Thank you. I will now turn the conference over to Neale Hickerson. Please go ahead, sir.
NEALE HICKERSON, VP, IR, HOLLY ENERGY PARTNERS LP: Well, thank you, and good morning, everyone. Welcome to our Holly Energy Partners second quarter earnings call. I'm Neale Hickerson, Vice President of Investor Relations at HEP. With us today from HEP are Matt Clifton, Chairman and CEO; Bruce Shaw, Senior Vice President and Chief Financial Officer; David Blair, Senior Vice President; and Scott Surplus, Vice President and Controller.
We issued a press release this morning announcing the results for our second quarter, ended June 30, 2008. This press release can be found on the HEP Website at www.hollycorp.com.
This afternoon we'll begin with Bruce's comments regarding our financial performance for the quarter. Matt will then have some comments on our quarter, our year to date, and some additional comments regarding HEP. At the conclusion of those remarks, we'll have some time available for questions.
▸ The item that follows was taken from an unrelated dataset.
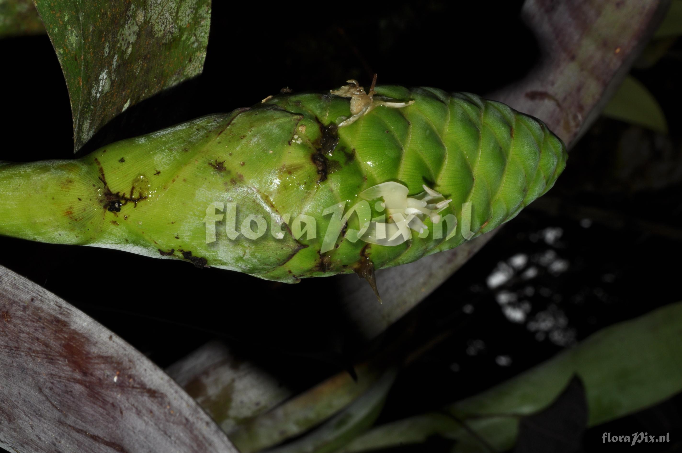 (Geladen als: Guzmania ) Verzamel locatie: Ecuador - Prov. of Zamora-Chinchipe, area of Estación Cientifica San Francisco (S 03°58“, W 79°04“ ), road Loja-Zamora, ca. 35 km from Loja; moist montane forest Fotograaf: Florian Werner Opmerking: Col.: Werner, F.A. 3129 (10-04-2011) flowers white. Plants usually tilted, inflorescence erect. Determinatie: Opgelost

Before we turn things over to Bruce and Matt for their comments, we're required to make the following Safe Harbor Disclosure Statement. Also, please note the Safe Harbor Statement in our press release from this morning. The following is a Safe Harbor Statement under the Private Securities Litigation Reform Act of 1995. The statements in this earnings call related to matters that are not historical facts are forward-looking statements based on management's beliefs and assumptions using currently available information and expectations as of this date and are not guarantees of future performance and do involve certain risk and uncertainties, including those contained in our filings from time to time with the Securities and Exchange Commission. Although the Partnership believes that the expectations reflected in these statements is reasonable, it cannot give any assurances that these will prove to be correct. Therefore, actual outcomes and results could materially differ from what is expressed, implied, or forecasted in these statements. The Partnership assumes no duty to publicly update or revise such statements, whether as a result of new information, future events, or otherwise.
And now, let me turn things over to Bruce Shaw.
BRUCE SHAW, EVP, CFO, HOLLY ENERGY PARTNERS LP: Thanks, Neale. As Neale mentioned, my comments will cover financial highlights for the quarter. Our distributable cash flow for the second quarter ended June 30, 2008 was $14 million versus $12.4 million for the same period last year, up about 12.9%. As you know, we declared an increase in our distribution to $0.745 per unit on July 25, a 5.7% increase over the $0.705 per unit we declared this time last year, our fourteenth consecutive increase.
Our net income for the quarter was $3.8 million, or $0.18 per unit, versus $11 million, or $0.64 per unit, for the same time period last year. Our strong growth in distributable cash flow, despite the decrease in net income for the quarter, is due to our contractual minimum commitments that we have in place with both Holly and Alon. The majority of payments we received from Holly and Alon, under their minimum commitments, are counted as deferred revenue until such time as they can be recognized.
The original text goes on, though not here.